[[ DATA TO USE, beginning ]]

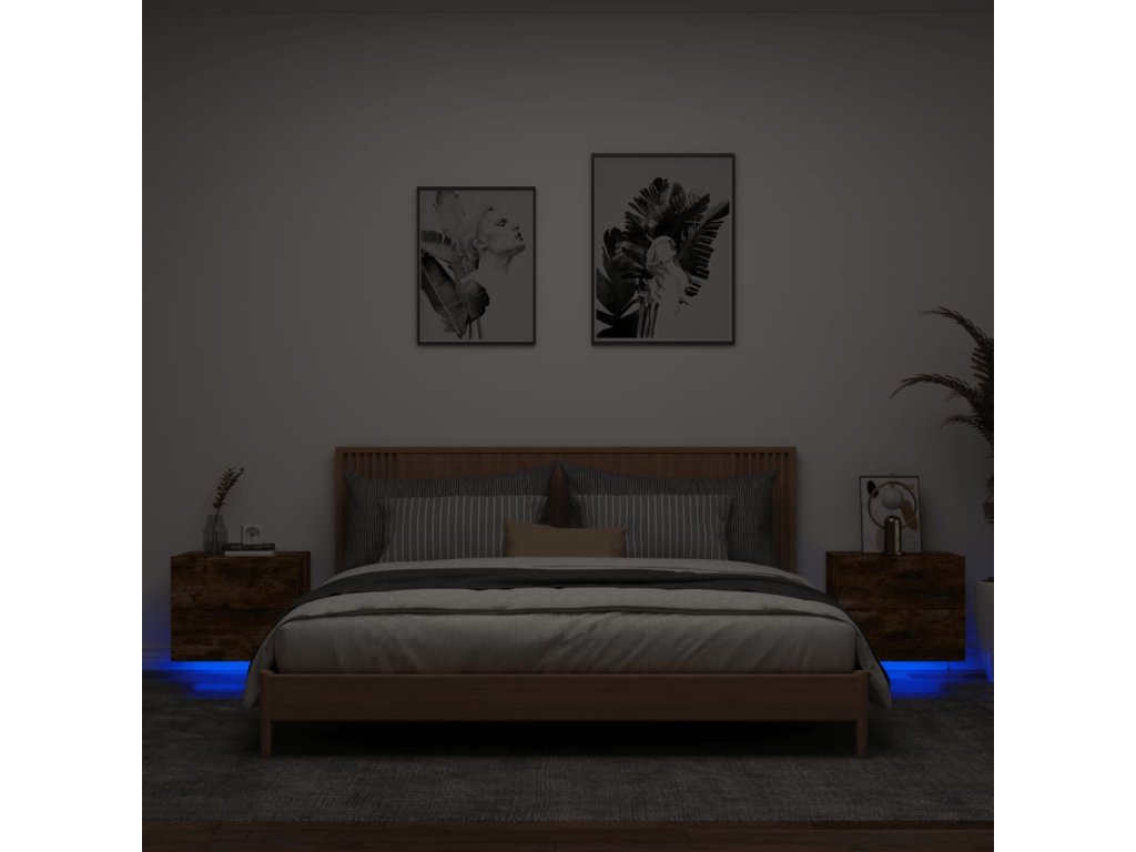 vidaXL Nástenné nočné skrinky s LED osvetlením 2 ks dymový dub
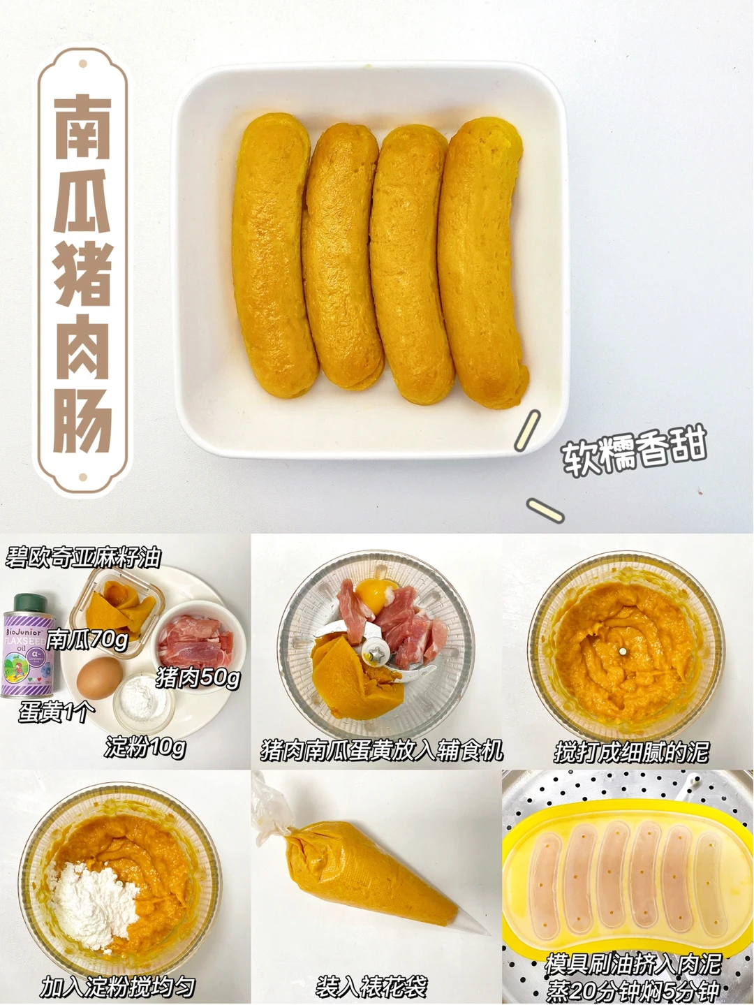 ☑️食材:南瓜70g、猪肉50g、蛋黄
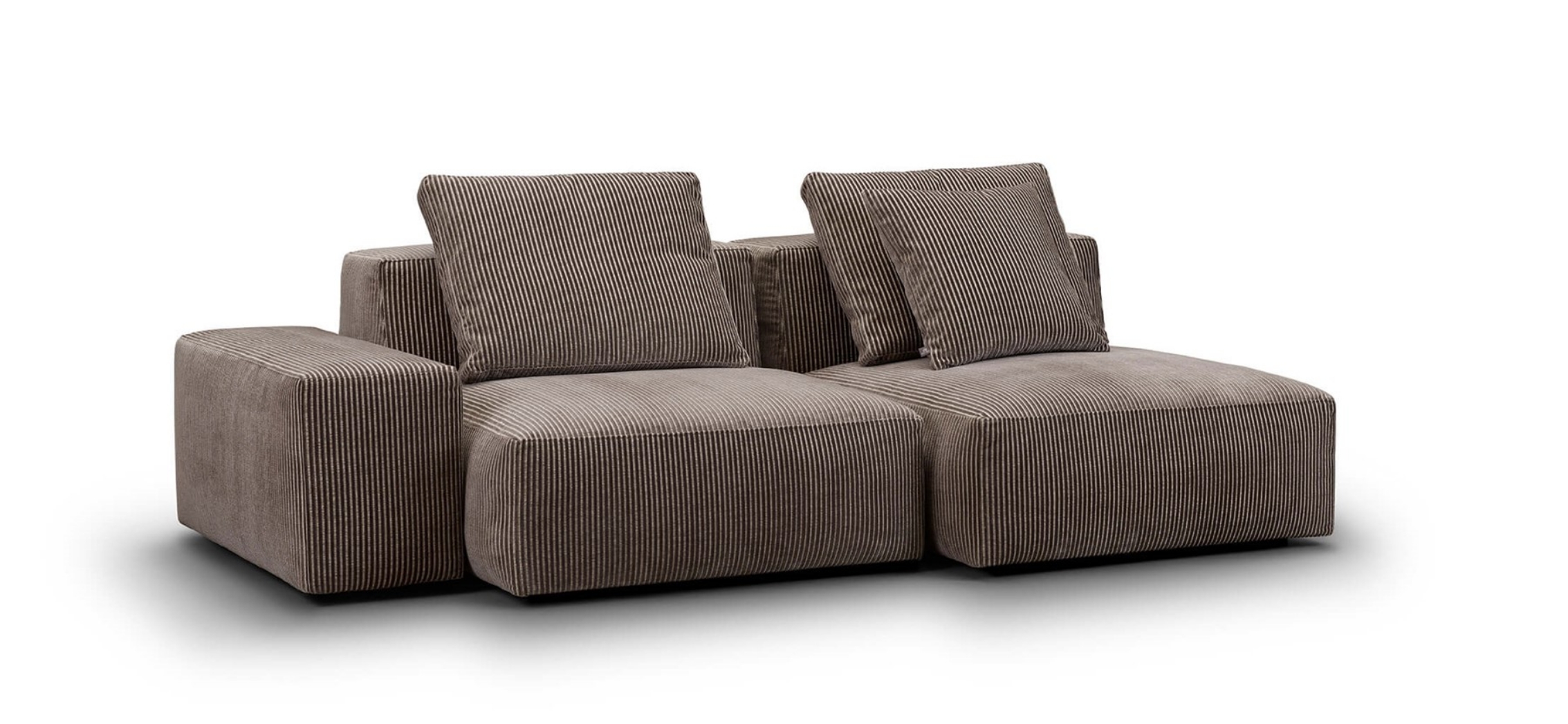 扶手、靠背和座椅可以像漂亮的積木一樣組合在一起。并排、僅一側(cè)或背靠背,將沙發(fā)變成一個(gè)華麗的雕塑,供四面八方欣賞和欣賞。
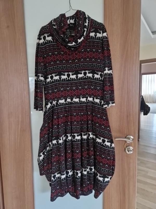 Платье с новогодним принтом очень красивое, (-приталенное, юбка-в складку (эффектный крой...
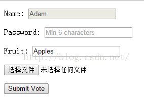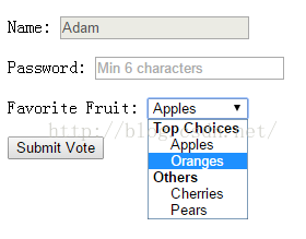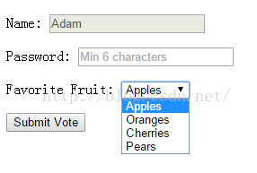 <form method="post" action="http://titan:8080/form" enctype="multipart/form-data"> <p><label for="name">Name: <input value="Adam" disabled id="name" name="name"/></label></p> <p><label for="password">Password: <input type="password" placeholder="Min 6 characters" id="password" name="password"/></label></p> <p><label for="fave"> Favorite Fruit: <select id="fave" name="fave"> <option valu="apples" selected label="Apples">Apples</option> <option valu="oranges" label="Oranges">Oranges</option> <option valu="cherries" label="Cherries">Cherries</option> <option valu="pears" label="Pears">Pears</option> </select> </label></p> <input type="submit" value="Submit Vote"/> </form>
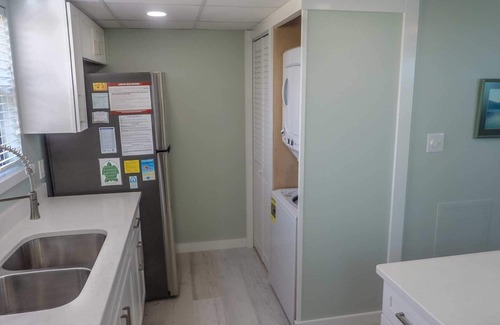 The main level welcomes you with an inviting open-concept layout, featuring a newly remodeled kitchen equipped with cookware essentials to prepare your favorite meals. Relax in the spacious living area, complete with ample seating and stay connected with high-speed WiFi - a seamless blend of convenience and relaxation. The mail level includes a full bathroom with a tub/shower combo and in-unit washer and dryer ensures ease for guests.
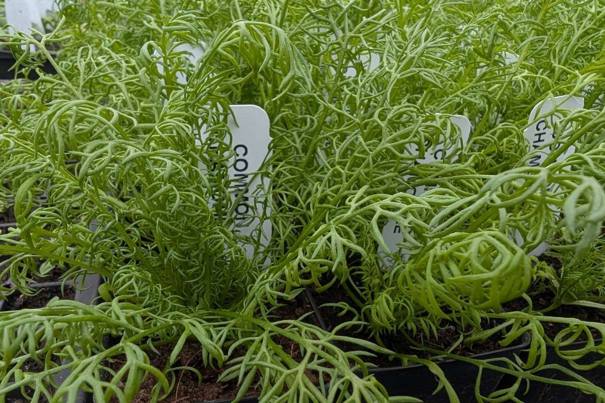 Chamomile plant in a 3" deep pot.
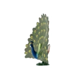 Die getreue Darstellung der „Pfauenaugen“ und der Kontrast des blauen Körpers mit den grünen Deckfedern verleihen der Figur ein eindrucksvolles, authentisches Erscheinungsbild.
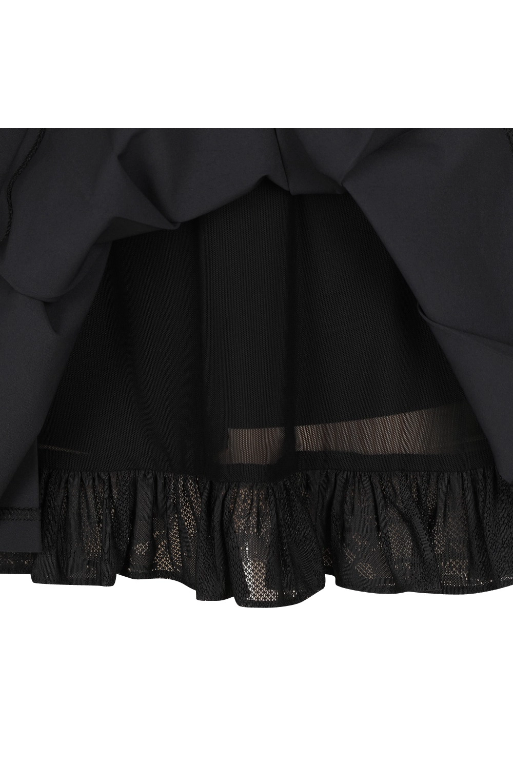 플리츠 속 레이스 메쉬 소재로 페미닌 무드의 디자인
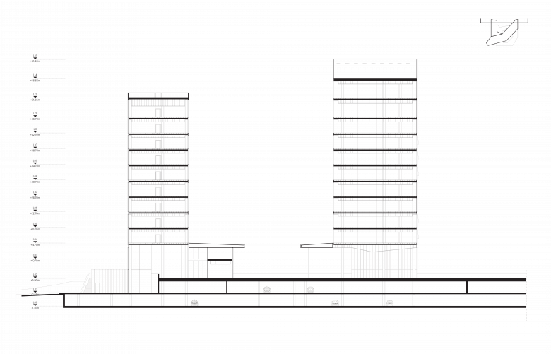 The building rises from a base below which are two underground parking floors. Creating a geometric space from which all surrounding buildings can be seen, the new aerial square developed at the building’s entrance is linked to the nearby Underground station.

[[ DATA TO USE, end ]]

WHAT YOU WILL DO →
Whatever lies between the first line of the data and the line holding "Favorite Fruit: <select", inclusive, should be repeated exactly, apart from the pictures.

FINISHED TASK →
 vidaXL Nástenné nočné skrinky s LED osvetlením 2 ks dymový dub
 ☑️食材:南瓜70g、猪肉50g、蛋黄
 扶手、靠背和座椅可以像漂亮的積木一樣組合在一起。并排、僅一側(cè)或背靠背,將沙發(fā)變成一個(gè)華麗的雕塑,供四面八方欣賞和欣賞。
 Платье с новогодним принтом очень красивое, (-приталенное, юбка-в складку (эффектный крой...
 <form method="post" action="http://titan:8080/form" enctype="multipart/form-data"> <p><label for="name">Name: <input value="Adam" disabled id="name" name="name"/></label></p> <p><label for="password">Password: <input type="password" placeholder="Min 6 characters" id="password" name="password"/></label></p> <p><label for="fave"> Favorite Fruit: <select id="fave" name="fave"> <option valu="apples" selected label="Apples">Apples</option> <option valu="oranges" label="Oranges">Oranges</option> <option valu="cherries" label="Cherries">Cherries</option> <option valu="pears" label="Pears">Pears</option> </select> </label></p> <input type="submit" value="Submit Vote"/> </form>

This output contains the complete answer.